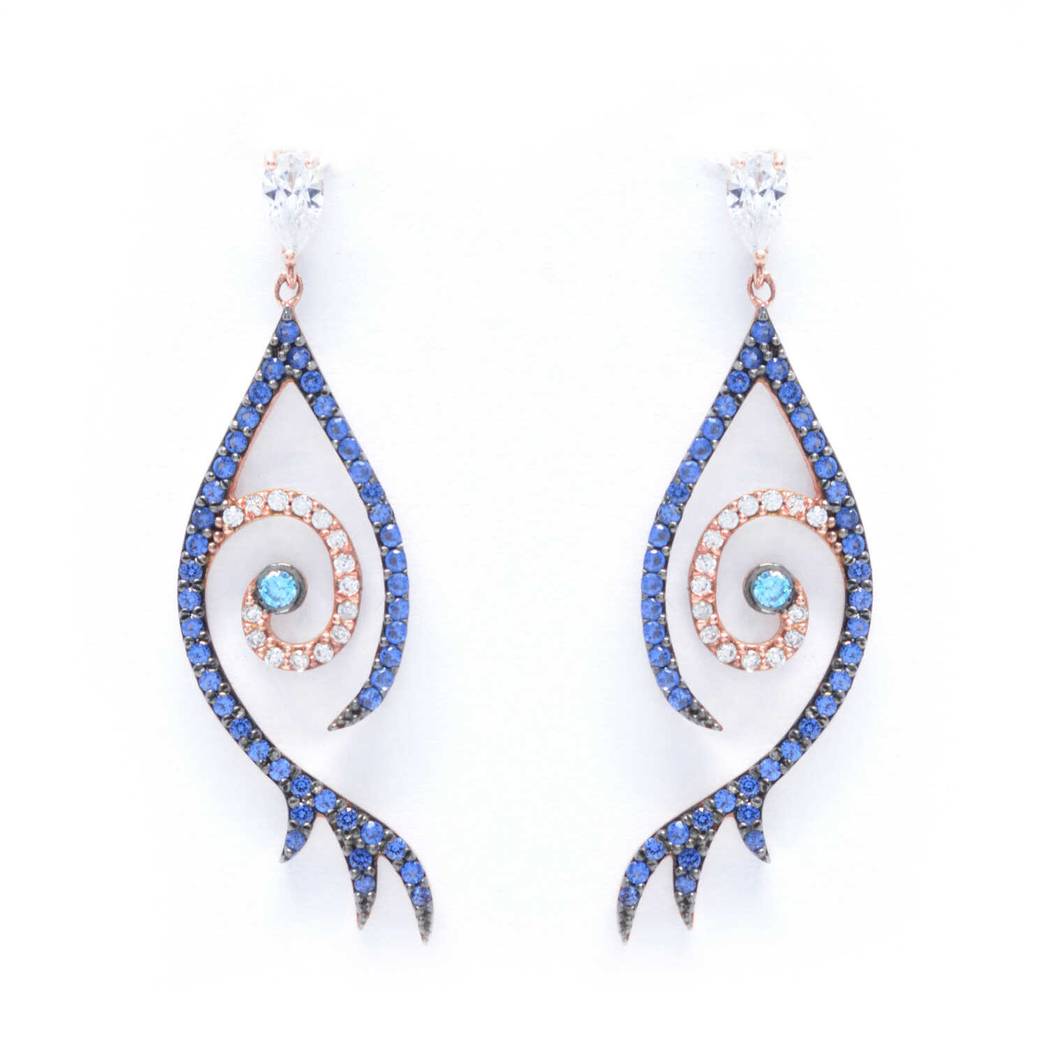 Σκουλαρίκια χρυσά κρεμαστά σε εξαιρετικό ethnik σχήμα-μάτι με λευκά και μπλε cubic zirgons
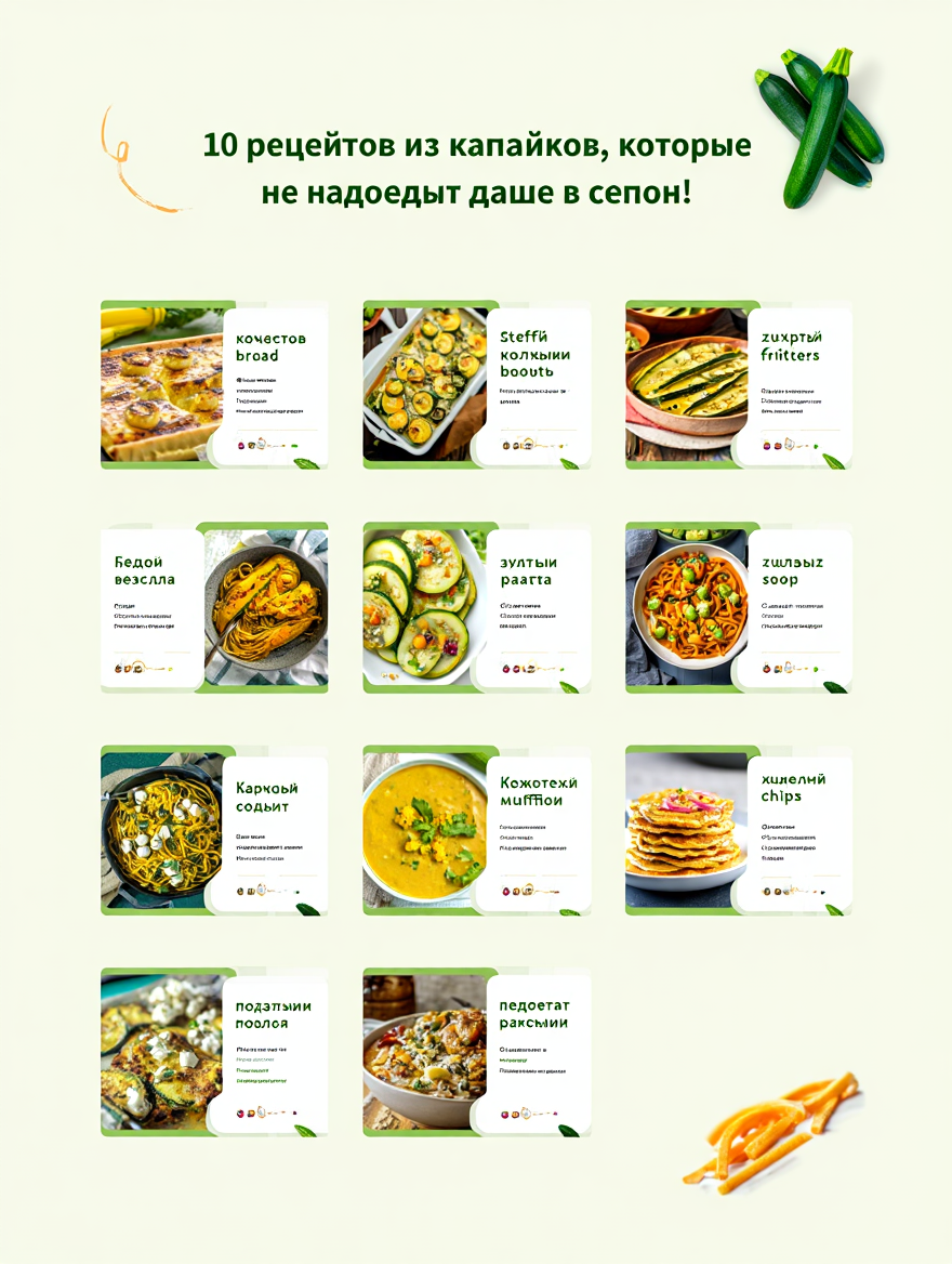 «Кабачки заполонили кухню? Не спешите делать очередные оладьи! Эти 10 рецептов превратят их в изысканные блюда — от закусок до десертов. Проверено на моей семье: муж даже не понял, что ест кабачки в сладком пироге!»
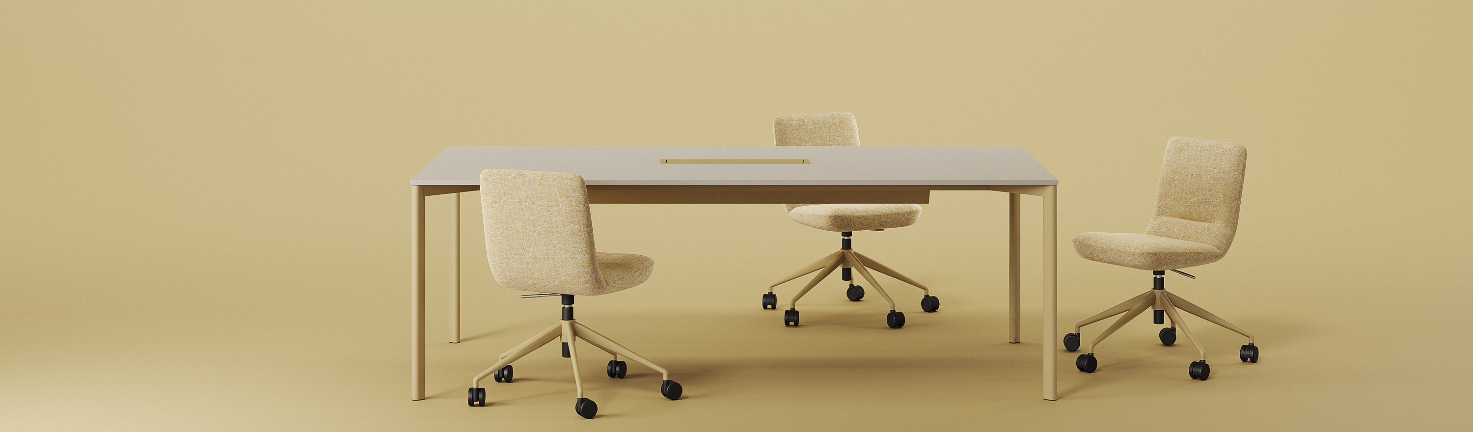 The Evol minimalist meeting table combines minimal design with flexibility. With its eco-friendly and economical structure, it is an ideal choice for modern meeting spaces. Offering versatile solutions and a sustainable approach, this functional piece of furniture creates efficient and environmentally conscious work environments, supporting collaborative settings and lasting quality.
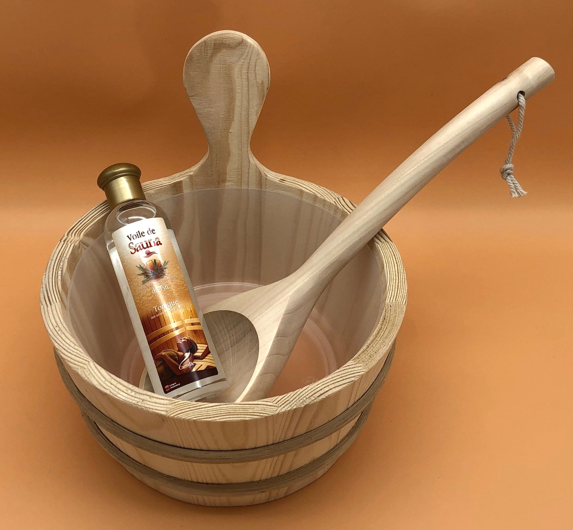 Starter-Set für die eigene Heimsauna oder zum Verschenken, bestehend aus Saunakübel, Kelle und Duft-Konzentrat (wählbar).
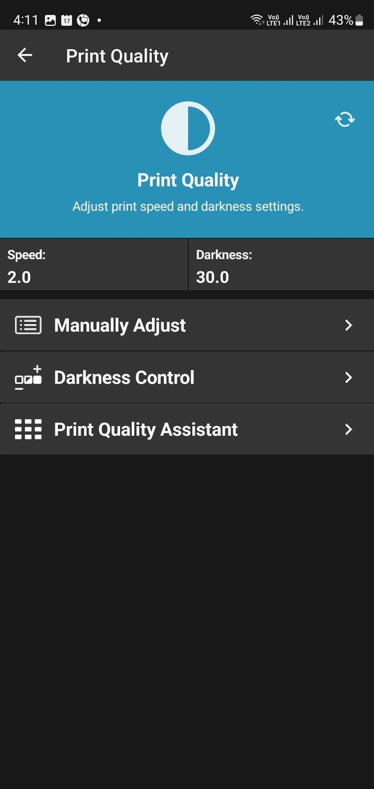 - Select “Manually adjust” to configure Print Speed and Darkness.
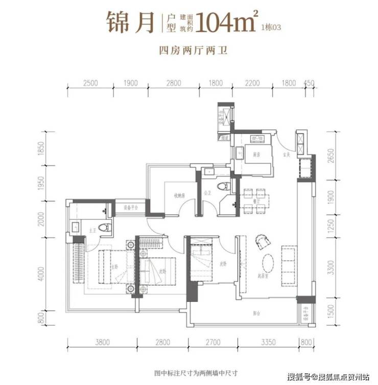 建面约104㎡4房2卫
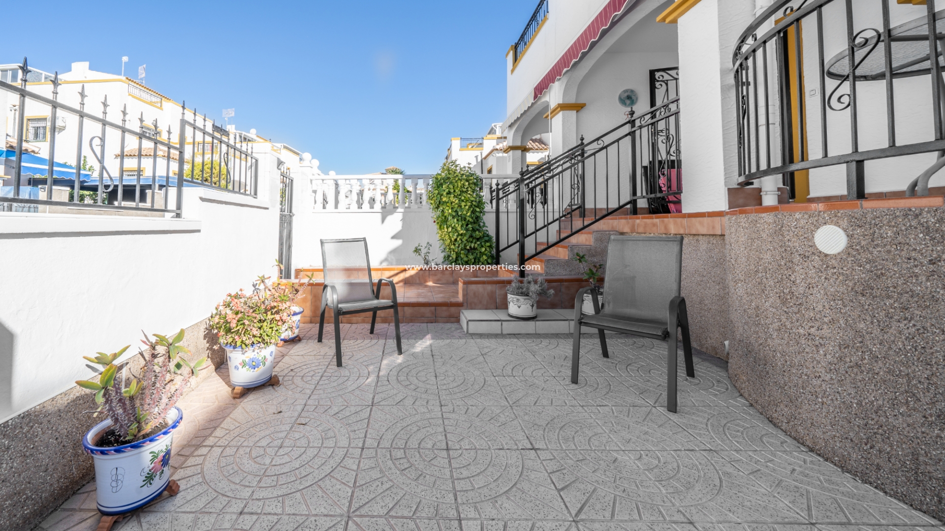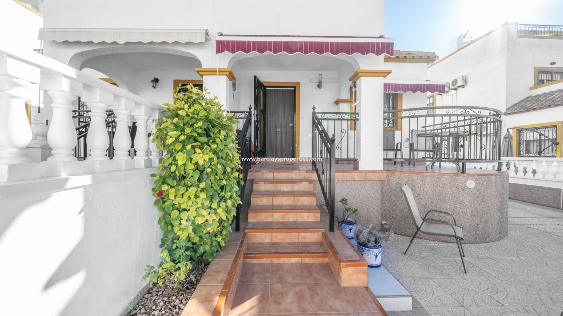 Bij het naderen vind je de overdekte voortuin en het zonneterras met zitgedeeltes die zijn uitgerust met aparte zonneschermen voor de vele zonnige dagen die we hier aan de Costa Blanca hebben, waardoor buiten leven het hele jaar door comfortabel is.
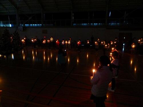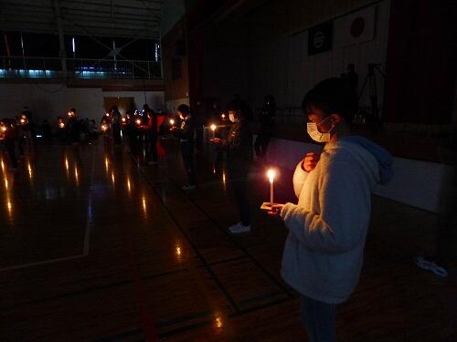 ろうそくに火をつけて、みんなでクリスマスツリーを囲みました。ろうそくの火を見つめ、シーンと静かになると、みんなの心が一つになったような気がしました。
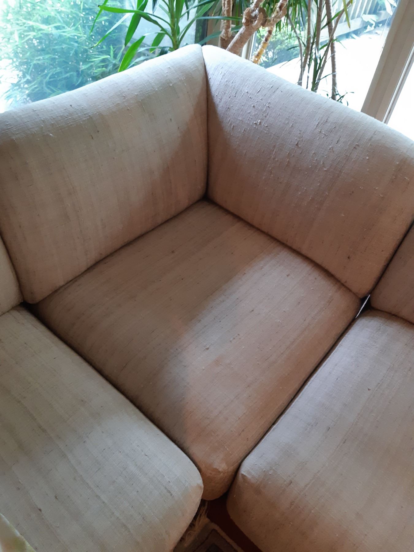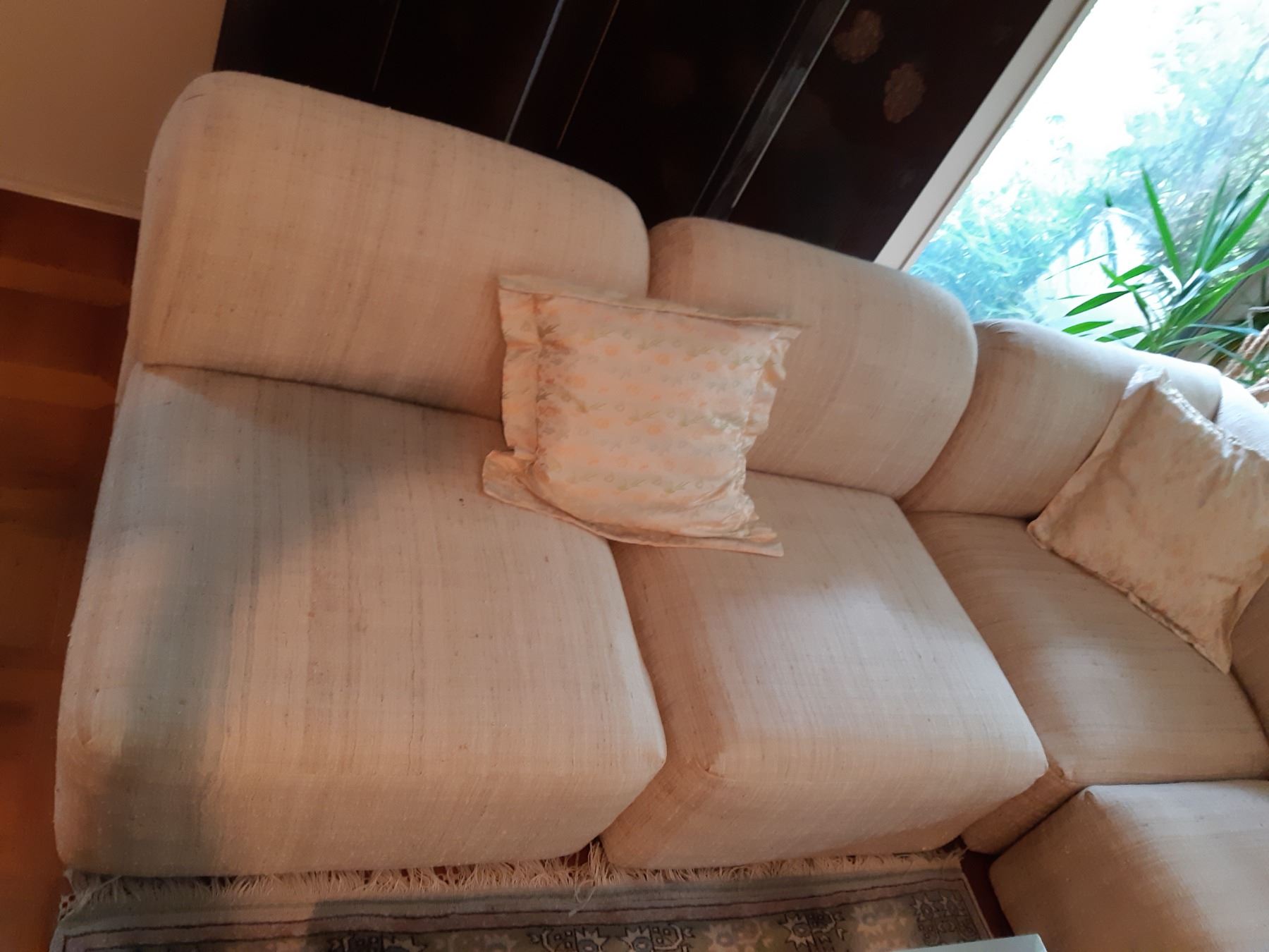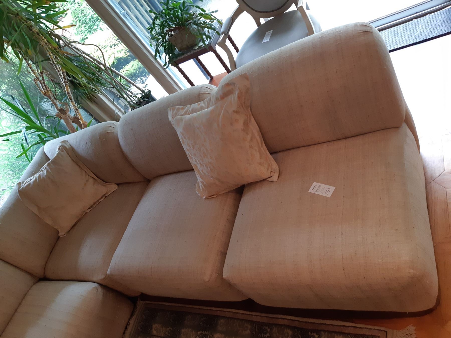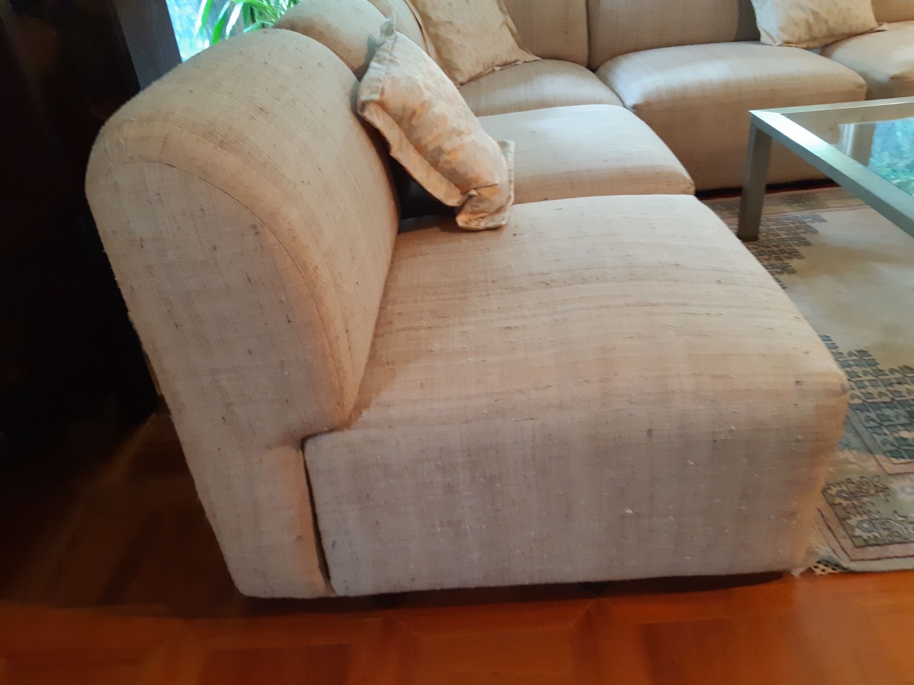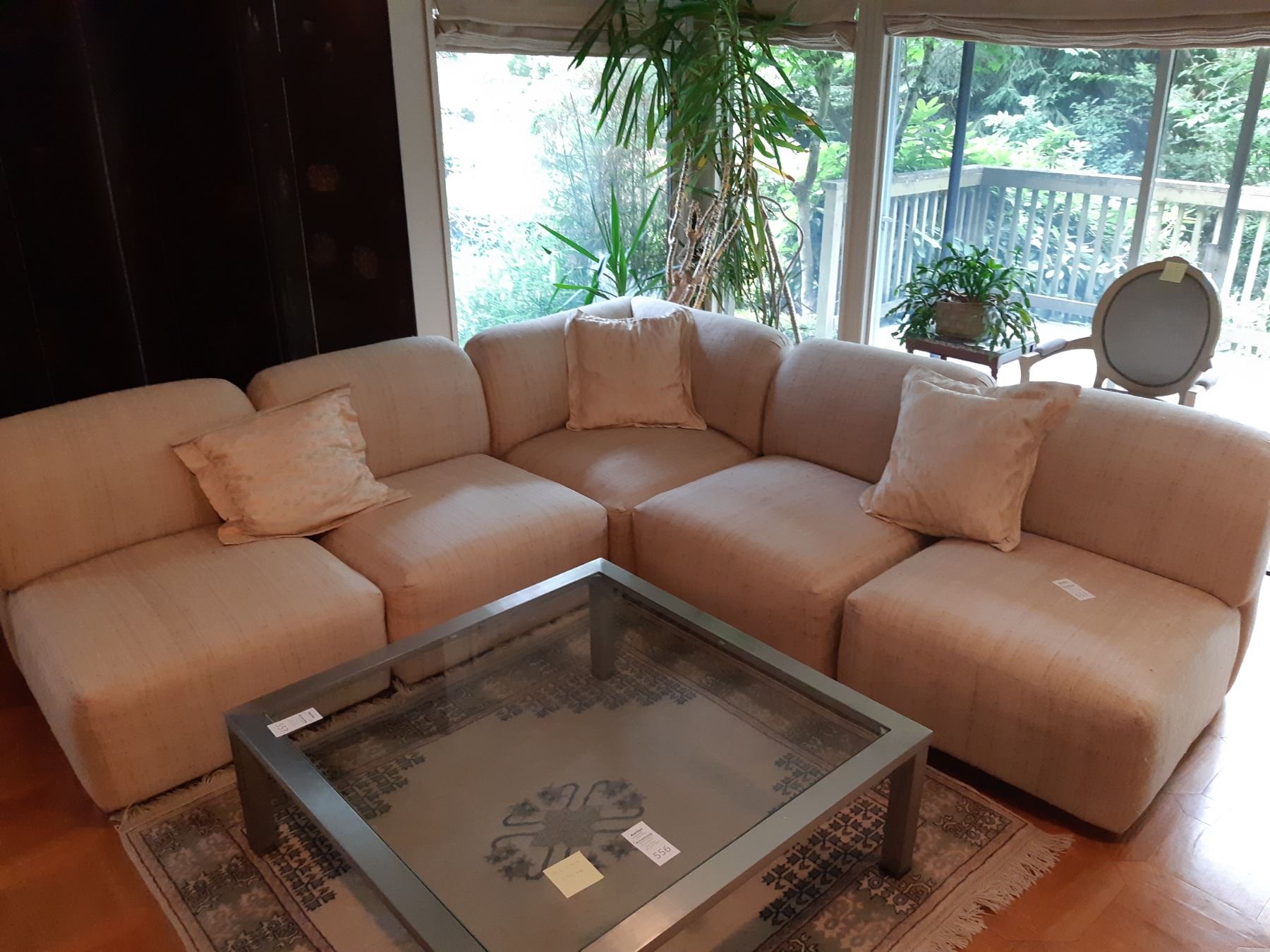 5 sectional sofa 4 x individual seats and one corner seat. Sofa has attached pillows. Fabric is a mixture of silk and other. 32x35x31 Pickup at 1:00 pm

• [How to complete this task]
Transcribe exactly the lines that go from the one holding "建面约104㎡4房2卫" through the last line of the entries, both included, and nothing besides them. Do not include any pictures.

• [Result of this task]
 建面约104㎡4房2卫
 Bij het naderen vind je de overdekte voortuin en het zonneterras met zitgedeeltes die zijn uitgerust met aparte zonneschermen voor de vele zonnige dagen die we hier aan de Costa Blanca hebben, waardoor buiten leven het hele jaar door comfortabel is.
 ろうそくに火をつけて、みんなでクリスマスツリーを囲みました。ろうそくの火を見つめ、シーンと静かになると、みんなの心が一つになったような気がしました。
 5 sectional sofa 4 x individual seats and one corner seat. Sofa has attached pillows. Fabric is a mixture of silk and other. 32x35x31 Pickup at 1:00 pm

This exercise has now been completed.